HACKER Q&A
📣 impoppy

Why was Terraform created?


I get the idea and general use cases of Terraform - to have a unified interface with a single language for all kinds of cloud infrastructures where the machine you are deploying to can be virtually anything.

But in majority of the cases developers are very much aware of environments their code run on - they know that their containers are stored in ECR, ran in ECS, their data is stored in S3 and RDS.

It is trivial to build a container, upload it to ECR and then deploy it to ECS from a shell script. And it is a lot more readable and comprehensible for a person not familiar with the tool.

Maybe I am the problem and I just don't get the declarative style, where you only describe the wanted state, not the steps you take to achieve that state?

If we assumed by default that our cloud infrastructure provider is AWS, wouldn't it be simple to write a shell script that would call `aws-cli` few times?

I came to that question, when discussing a problem my friend, a DevOps engineer, was having - he wasn't able to get the Azure Resource Group from his `foobar.tf` files and he ended up with something like the following:

    cat << EOF
      {
        "aksvnet": "$(az resource list --resource-group $1 | grep -i \"aks-vnet- | cut -d ":" -f2 | tr -d '", ')"
      }
    EOF
And what is it? It is a shell script inside of a JSON that was created in the shell! What for are these layers of abstraction? Why does he have to wrap the Resource Group name in a JSON? Why couldn't it be just piped in plaintext format, as all the tools that try to be POSIX-compatible do?

UPD: This question is for environments where all the engineers are (to some extent) familiar with %CloudProviderSDK% and bash. And, in my opinion, it's a lot easier to pick up bash and %CloudProviderSDK%, as those are imperative therefore closer to engineers' daily routine, as opposed to Terraform's declarative style. Shell scripts, in my opinion, are just more intuitive by default.


  👤 awsanswers Accepted Answer ✓
Go down the path of rolling your own shell scripts and if you do a world class job you'll end up reimplementing the functionality and architecture of Terraform. Also, as a commercial open source project, you have the benefit of an entire community using and extending the tool in their own use cases. Read through Terraform release notes, you will see the amount of work & experimentation writing and maintaining a provider can be.

👤 morsecodist
> to have a unified interface with a single language for all kinds of cloud infrastructures where the machine you are deploying to can be virtually anything

I don't think having a unified interface is the motivation behind Terraform. You still need to understand the underlying resources you are dealing with, Terraform doesn't abstract that at all. The big idea behind Terraform is procedural vs declarative. You can write scripts to bring up all of your infrastructure but what if one of your scripts fails in the middle? What parts of it actually went into effect and which didn't? Can you just re-run it or will the first part now fail because the infrastructure already exists? What if you have several engineers working on the same environment applying scripts that may interfere with one another? What if there was an incident and you made some manual changes and now production is out of sync with what is represented in the script? What if you made some complicated infrastructure changes and you broke something and want to bring everything back to exactly how it was before?

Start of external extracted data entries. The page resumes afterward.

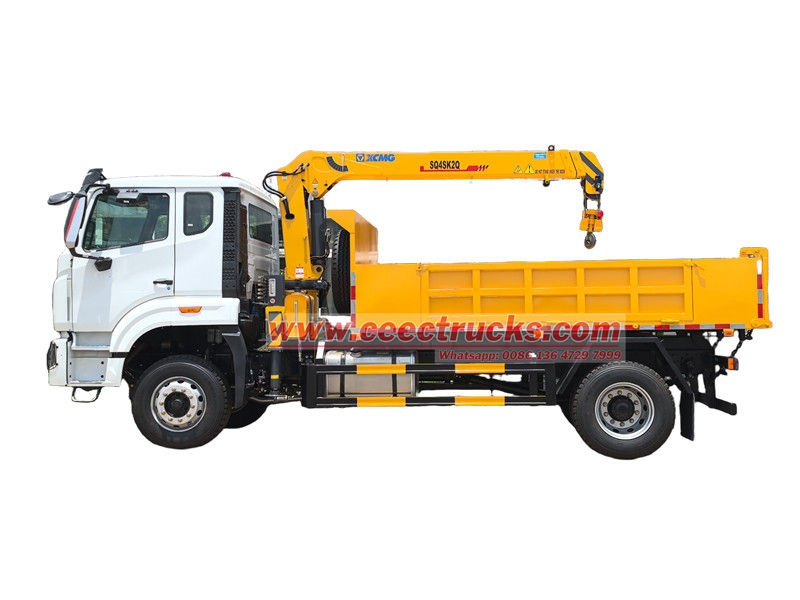 Ang HOWO single axle 4ton truck mounted crane ay angkop para sa mga aplikasyon sa konstruksiyon, logistik, imprastraktura, pagmimina at iba pang larangan. Ang sasakyan ay binago sa HOWO chassis, wheelbase na 4600mm. Nilagyan ito ng WEICHAI WP10.300E22 300HP engine at isang HW13710 10-speed gearbox. Ang itaas na bahagi ay isang 3800×2400×450mm cargo box at isang XCMG SQ4SK2Q crane, na kayang magbuhat ng 4 na tonelada. Ang kreyn ay maaaring paandarin ng mga manual hydraulic levers sa magkabilang panig upang makontrol ang pagbawi at pagpapalawig ng mga outrigger at ang pagbawi at pag-ikot ng kreyn.
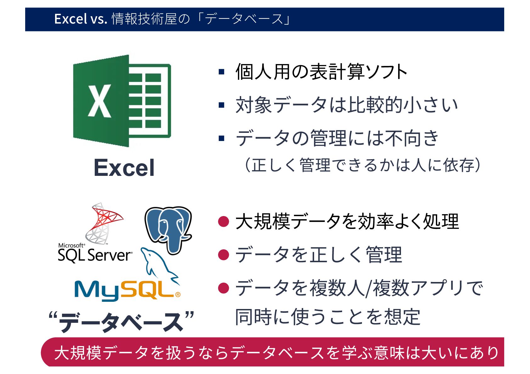 Excel vs. 情報技術屋の「データベース」 Excel § 個人用の表計算ソフト § 対象データは⽐較的⼩さい § データの管理には不向き
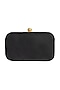 Featuring a black clutch in suede base with aari embellishment. It has a suede lining and a round clasp. This clutch is perfect for an engagement or wedding ceremony.
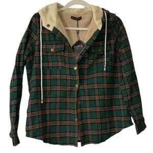 Zaful Green plaid hooded flannel jacket with snap buttons. NWT Size Medium. #flannel #autumnvibes #plaid
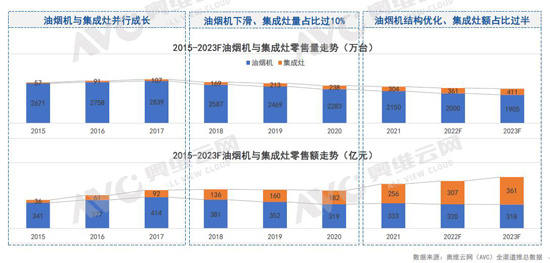 據奧維云網(AVC)推總數據顯示,2021年集成灶市場規模304萬臺、256億元,零售量同比增長28%,零售額同比增長41%,同比2019年零售量增長43%,零售額增長60%。2021年集成灶零售量與油煙機零售量之比約為1:7,2019年為1:12。集成灶零售量與燃氣灶零售量之比接近1:8,2019年為1:14。
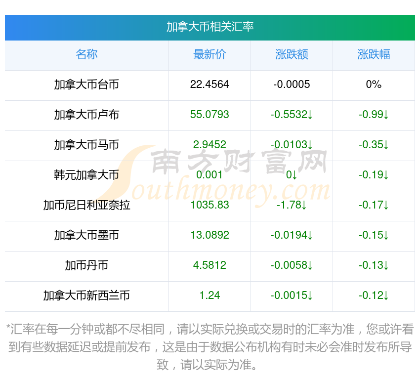 南方财富网为您提供加拿大币对澳门币汇率最新价格详情。

Declarative infrastructure answers all of those questions. It lets you keep track of what the current state of your infrastructure is, and what you want it to be. It automatically identifies areas where the two don't match up and serves as a forcing function for documenting changes to your infrastructure. Declarative infrastructure is more complicated than procedural because bringing up infrastructure is a procedural process so you need a tool to make it into a declarative one and that is not always easy. But if your team's needs get complex enough the tradeoff is well worth it. I honestly can't even imagine life without it.

As a bonus it makes it easy to ship complete infrastructure solutions as re-usable modules that you can compose.


👤 jasonhansel
It's probably overkill for your use case. If you're on AWS you can stick to CloudFormation; with something this simple, you can indeed just (as you suggest) use a bash script.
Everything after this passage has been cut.